I will definitely try this, thanks.

Do you have any idea how to achieve the opposite way consistently? If the code interpreter generates a file which I want to use in another tool, I currently have to hope that the assistant consistently posts a link - otherwise the file does not leave the sandbox environment. I pull the file ID from the annotations and download the file. Next, the assistant needs to be told the file-ID which it does not know. This is necessary to ensure it can reference the correct file as input for the function tool call. I am relying on a fake user message to do that, but the method is very touch and go at the moment.

This worked for me also. The one problem is that the file is scoped to Assistant which means users that are sharing an Assistant will have access to the files. This is a problem in my use case.

This was an easy fix by modifying the thread instead.

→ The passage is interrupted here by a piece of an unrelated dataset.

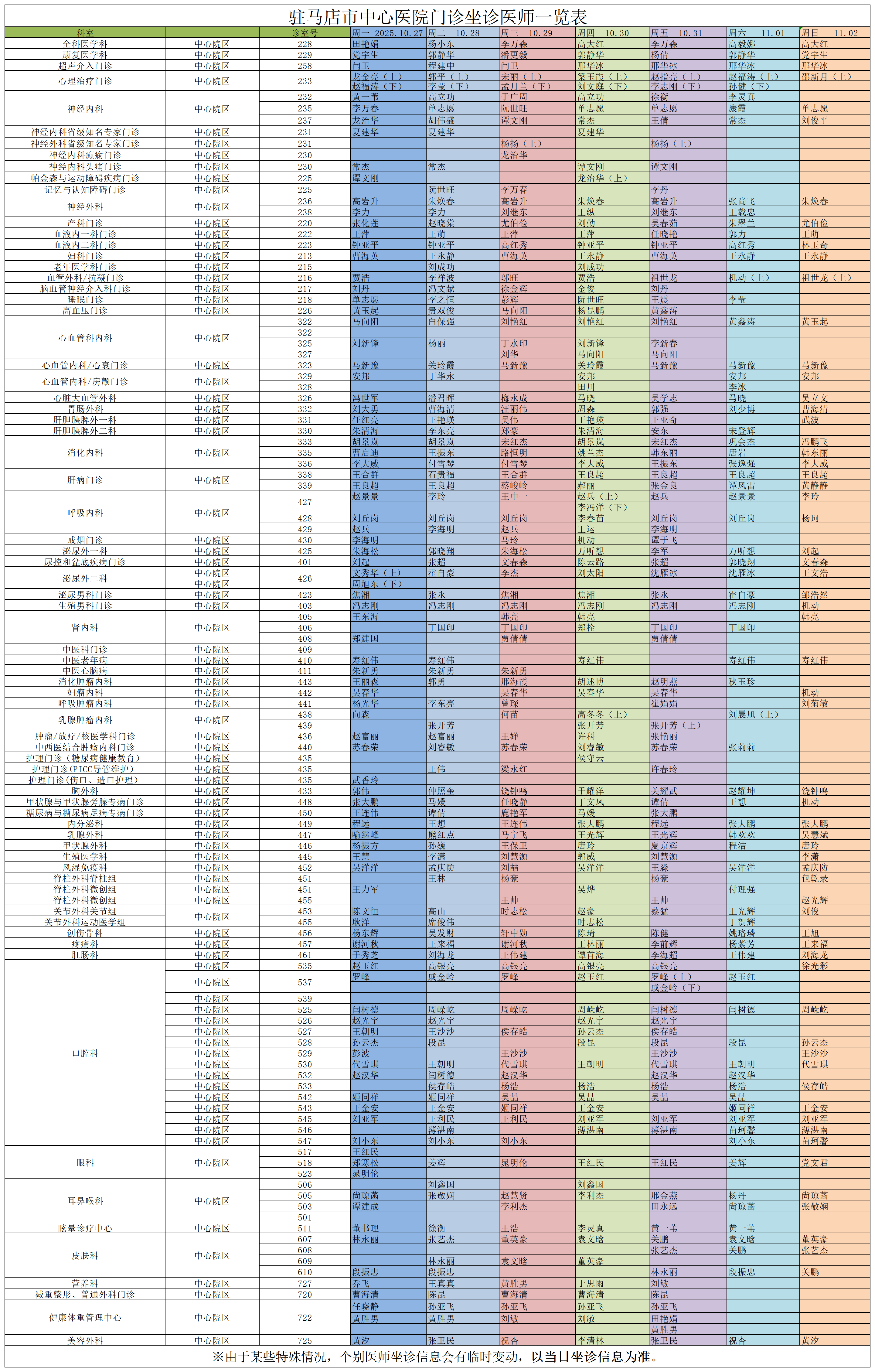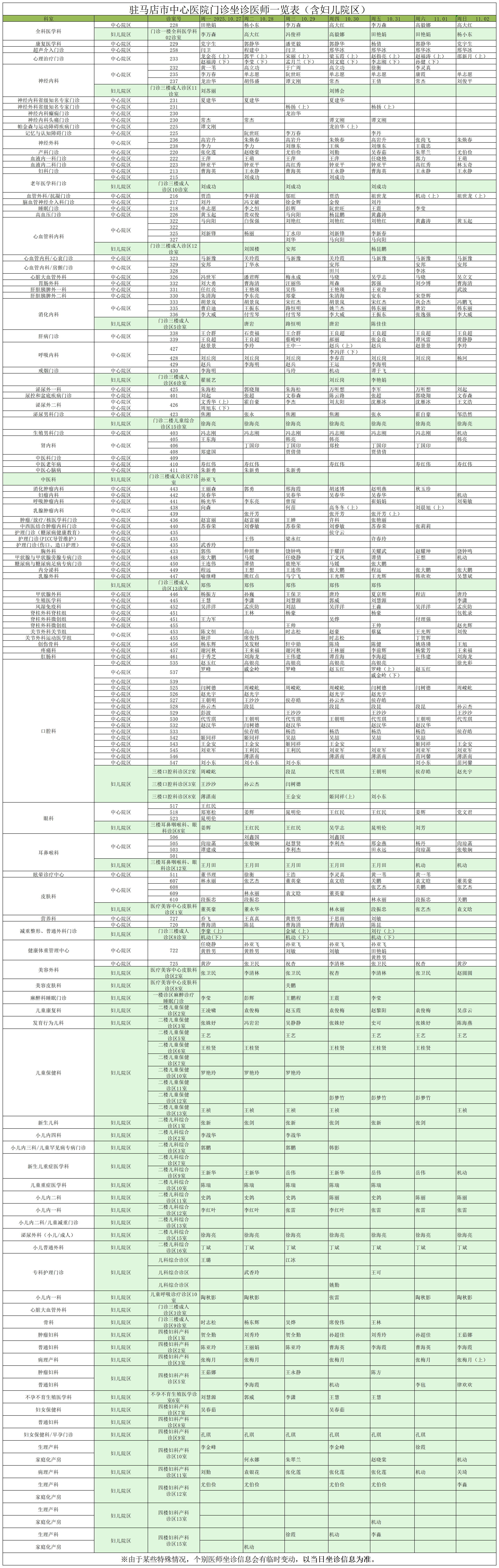 驻马店市中心医院门诊坐诊信息一览表(含妇儿院区)

tool_resources = {"code_interpreter": {"file_ids": file_ids} }
client.beta.threads.update(
       thread_id=thread.id,            
       tool_resources=tool_resources
)

I note that Chatgpt seems to handle this issue seamlessly. I have a custom GPT that queries files from an API and can instantly use the files in Interpreter. My Assistants version does not work quite as well. If anyone has any other solutions, please post.

Yep.

I built an entire application around this - so that during a call, the LLM would produce data → that data updates documents (whether on-disk/server or “ephemeral in database only”) → that data then included in the next internal re-prompting of the LLM (if desired) → also that data (the output of run #1) can be purposefully parsed and filtered based on parameters of run #2 (not all data that was saved in file needs to be provided necessarily - can be filtered before including in run #2 context window) → continues indefinitely until results pass inspection → return to user facing

I’m not sure how useful or not the agents/assistants SDK has been for folks - but I tell you what - if you do it yourself you can get it all to work beautifully… and it’s awesome. And there’s no limitations on how you route/store the data…

But of course, you’ve got to switch approaches a bit to handle everything yourself in terms of data storage and retrieval - I don’t know if the SDKs or endpoints can “work partially in-house and partially in OAS’s backend” - I’m guessing no - but hey - take all those dev hours and just put them into your own backend and use the much-faster completions endpoint, and control all processing, retrieval, storage, tools, threads, flows, etc, on your own end…

So just my two cents and nudge to say “use the LLM as a tool within your desired system, and the build the system yourself” - as opposed to using a system that doesn’t have the functionality, flexibility, or modifiability that’s necessary to achieve your goals.